I need to know that how this is solved.
Answers
Answer:
I = sin⁻¹ (x/5) + c
Step-by-step explanation:
Well, you shouldn't really be worrying about the derivations/proofs of the formulae of this chapter, better try to focus more on learning the formulae and the various manipulations used to solve a question, because eventually if you are able to get a command over these two factors, then at least I can assure you that you can derive these formula within some minutes. This chapter has got nothing to do with Math, it's a completely different world, it's just to enhance your guessing, manipulation, thinking, recalling skills, actually entire integral calculus is based on the same concept, whereas in differential calculus you actually have to think very logically,no fun! But you can enjoy,have fun in integral calculus, honestly.
So,we both know what the result of this integral is,but anyways let's solve it.

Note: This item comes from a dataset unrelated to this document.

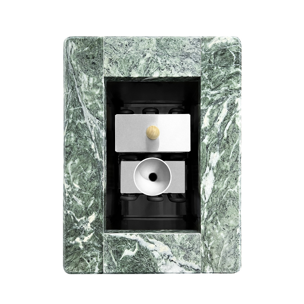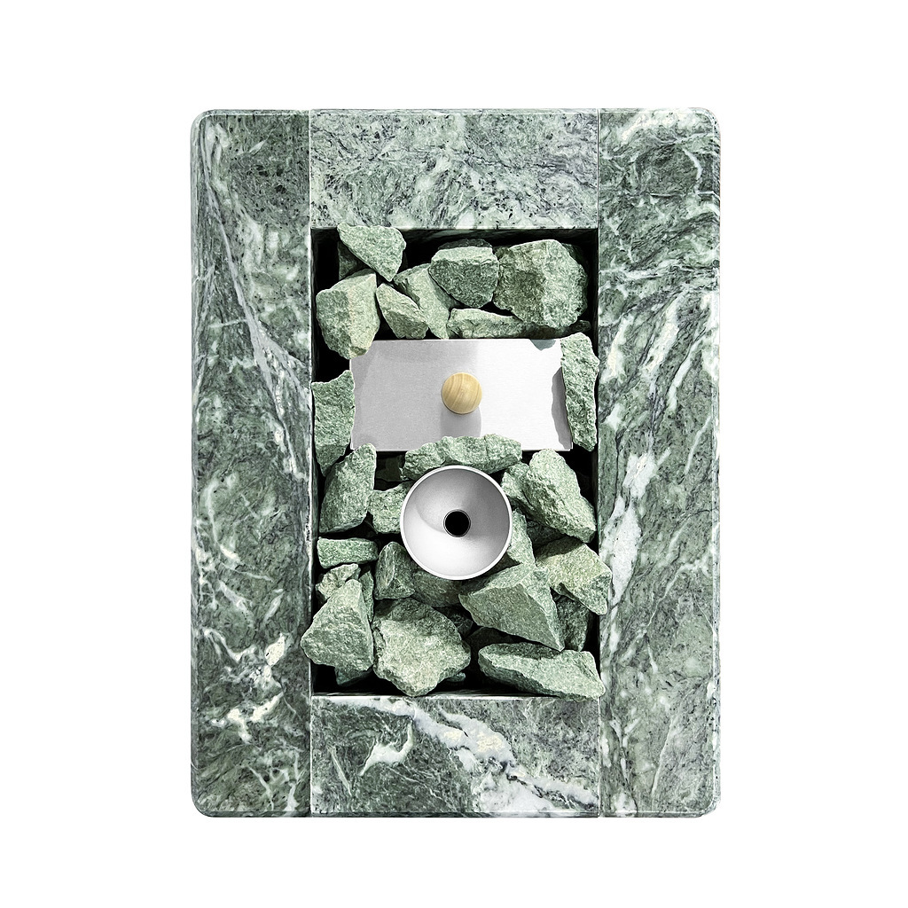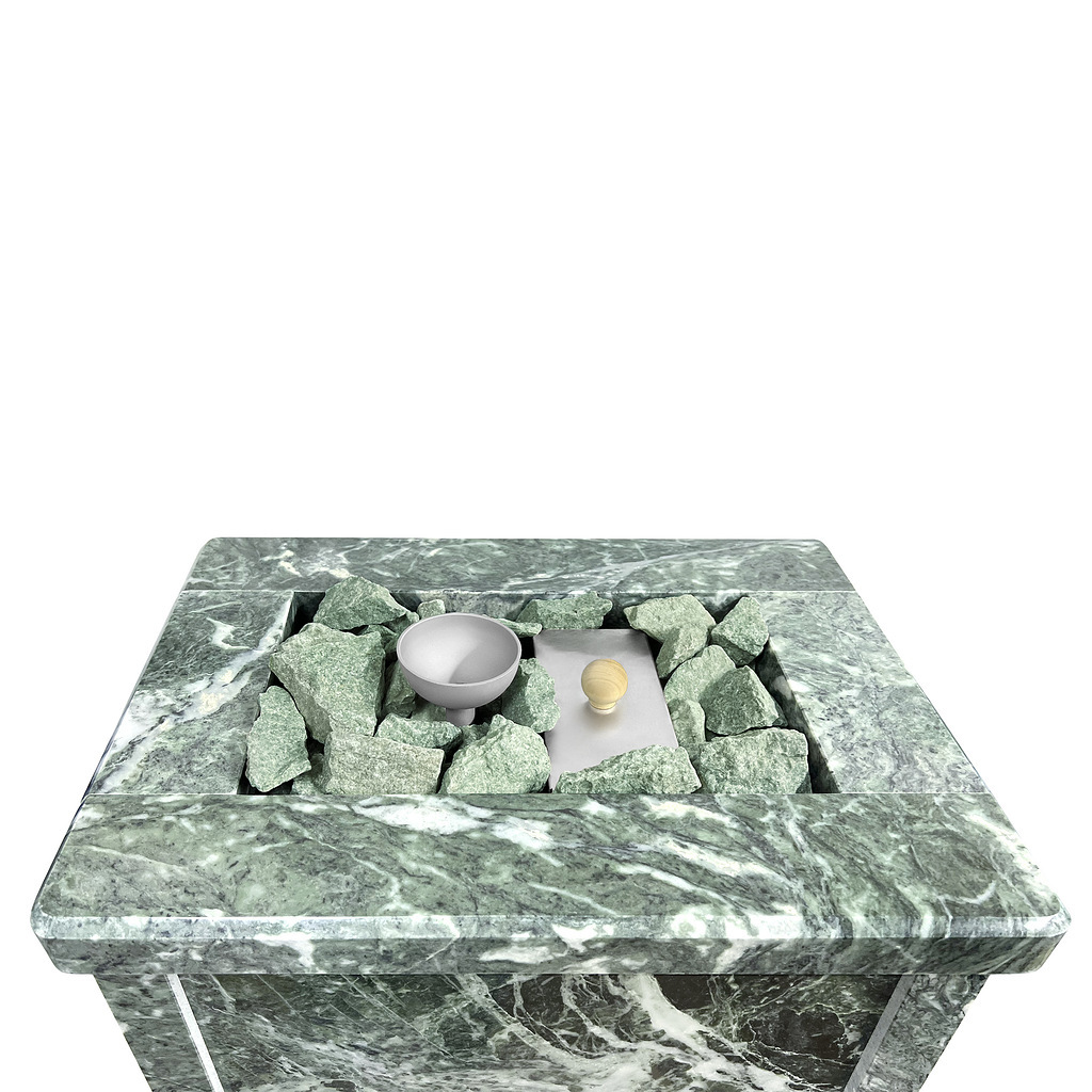 Электрическая каменка со всех сторон облицована натуральным змеевиком. Печь с подобным дизайном стильно смотрится в парильном помещении. Змеевик уже долгие годы используется для внутренней отделки бань. Его называют «аптекарским камнем» за его целебные качества. Минерал оказывает обеззараживающий эффект, положительно влияет на кости, оказывает успокаивающее воздействие и укрепляет иммунитет.

So, whenever we have something like √(a² - x² or a² - x²,the very first thing you should do is to take value of x as asinθ and then proceed further. Well, there are many other such handy substitutions which I probably suppose you must be knowing because that's what you are taught in indefinite integration. Told you it's all just some manipulation and substitution, I'm very sure if you might had been aware of this I suppose you wouldn't have asked this question and saved some points xD
According to this question the value of a is 5.
So,x = 5 sinθ ----- (1)
Differentiate it now to obtain :
=> dx = 5 cosθ dθ ---- (2)
Now, substitute the value of x and dx from (1) and (2),
I = ∫ 5 cosθ dθ/ √( 25 - (5 sinθ)²))
I = ∫ 5 cosθ dθ/ √ (25 - 25sin²θ)
Now taking 25 common,
I = ∫ 5 cosθ dθ/ √ [25 (1 - sin²θ)]
I = ∫ 5 cosθ dθ / √(25cos²θ)
I = ∫ 5 cosθ dθ / 5cosθ
I = ∫ dθ
I = θ + c ---- (3)
Now,using (1),
x = 5 sinθ
x/5 = sinθ
∴ θ = sin⁻¹(x/5)
So, our result becomes after substituting value of θ in (3) :
I = sin⁻¹ (x/5) + c